Edward VII died in 1910, so the first bunting I would see, and which I remember, would be 1911 to celebrate the crowning of the new king, George V. I was 3, born 11th. October, 1908 on a Sunday so my mother said. She was 46 and so was my father; Ellen, very rarely Nelly, Mather, never Matthew. I had 3 brothers, Jim 21, Stanley 16 and Tom 9. As was the custom, I was named after the 2 grandmothers, Isabella, father's mother and Alice, mother's mother. As a child, I was called Bell-Alice which I hated and which I changed to Isabel when in my teens. My two eldest brothers never lived at home with me because they had gone elsewhere to work, Jim at Newcastle and Stan to play football at Bradford, Greenock Morton and Newcastle.

My father collected rates and twice a year he had to go to Durham Court to get the 'Rate Books' signed by the magistrates, I imagine. We had a pony called Minny and a very nice trap so my father went to Durham by pony and trap, not only to court, but to Bailes's to get the books etc. needed for his job. That is where I must have been, when 3, and saw the bunting at Shincliffe, but not at Kelloe where I lived. That is my very earliest recollection of anything.

The pit was called East Hetton Colliery and was a mile away from the village, so we were away from pit noise and smell. The area is not flat, not hilly but sloping. Kelloe faced north and there was a slope to climb up or run down. It was a village built last century when the mine was sunk, 1850. It was built for the miners who lived in cottages or houses made of lime and stone, mostly. There were few brick houses in the streets. Only the main road had a proper surface. The rest of the paths were 'undeveloped' and so very rough. We lived in Green Street in a house that had been raised with bricks so it must have been mud, stone and lime before that. Water was laid on in my childhood and so was electricity.

My mother's parents, James and Alice Scott, had a grocery shop, and I remember the currents, sultanas and raisins being 'washed'. All the weighing machines were different and those made of brass were cleaned each week as all brass was. I cannot remember paper bags, but I can see my grandfather folding paper perfectly over butter and cheese, which was always ‘cut', lard etc. Some goods were tins and very nice ones too. Most bags were blue.

The house and shop seemed big to me. When 6 or 7 they both died. My mother had a brother, uncle Jos (eph) and a widowed sister Margaret Jane who lived near the shop in a miner's cottage and who had had a big family. I can member a fuss about a 'will', meaningless to me of course.
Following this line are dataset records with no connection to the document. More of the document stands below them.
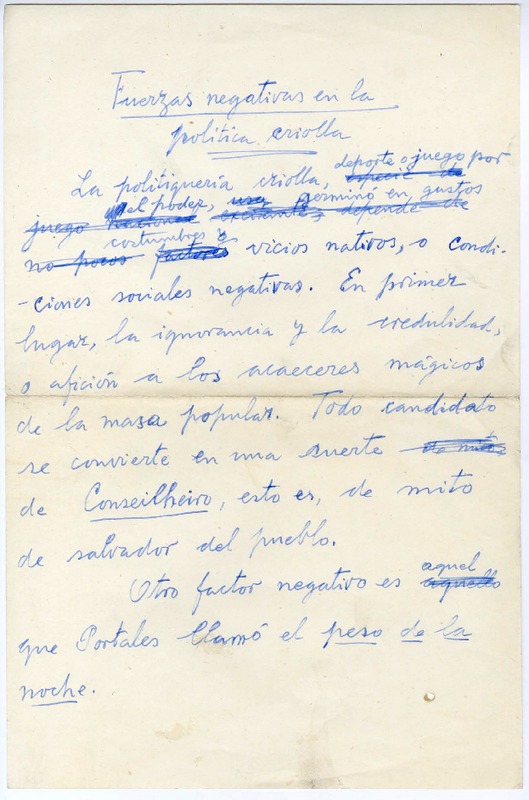 Fuerzas negativas en la política criolla [manuscrito] Joaquín Edwards Bello.
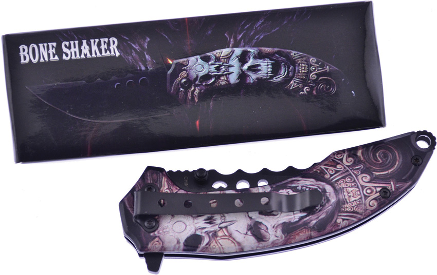 Assisted opening. 4.5″ (11.43cm) closed. 3.25″ (8.26cm) black finish stainless curved blade. Aluminum handle. Thumb stud. Lanyard hole. Pocket clip. Skull handle artwork. Boxed.
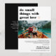 Om omständigheterna kräver att du minskar din bröllopsfest kan du informera din ursprungliga utökade gästlista med detta moderna och minimala, mindre, nedskalade mikrobrölloppskort. "Gör små saker med stor kärlek" är skrivet med ett trendigt retro-teckensnitt och kan ändras till valfri färg. På baksidan kan du anpassa ditt meddelande om bröllopsnedskalning i detalj och lägga till information om livesändning av ceremonin och bröllopswebbplats. Bakgrundsfärgen kan också anpassas. Dessa professionellt utformade kort kan snabbt anpassas.
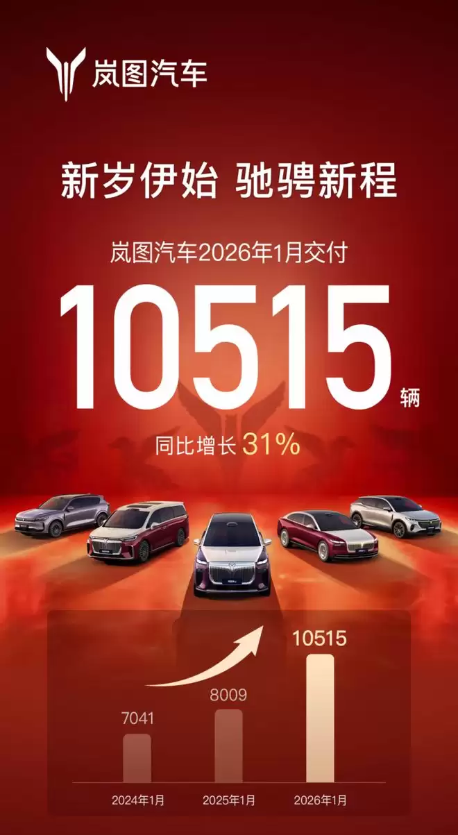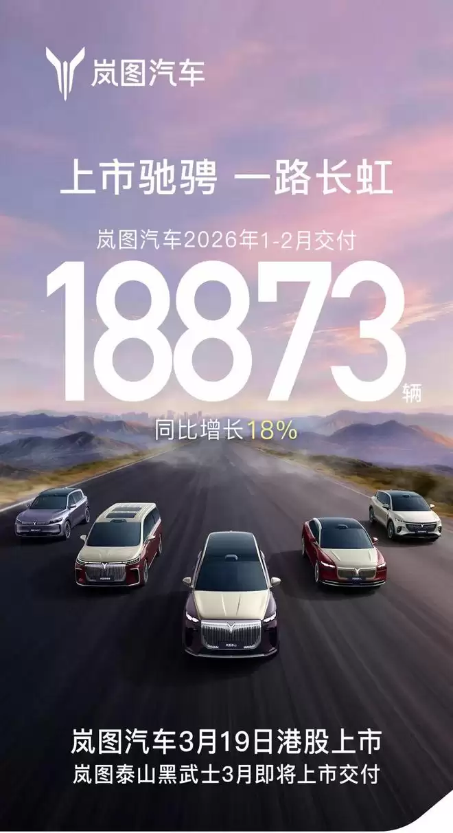 网易汽车3月3日报道,岚图汽车近日公布了2026年开年两个月的销量成绩单:1-2月累计交付量达到18873辆,较去年同期增长18%。

My mother used to go to see her parents about 4.00 p.m. every Sunday afternoon, and one day she looked through the window, through the "shield" (brass curtain) and saw her parents and my aunt making a will. She came home very upset and told my father who, with the village headmaster, was an executor of a will already made. When my grandparents died, some months later, there had been new a will made, but incorrectly, so there was a great fuss. Father went to see Ferance a solicitor.in Durham and my aunt should have got nothing because her name was wrong, but my mother and her brother swore they knew her! Each grandchild got £50.00. I was the youngest. I still have some silver etc. that my mother bought when everything had to be sold and bought because of the muddle of the second will.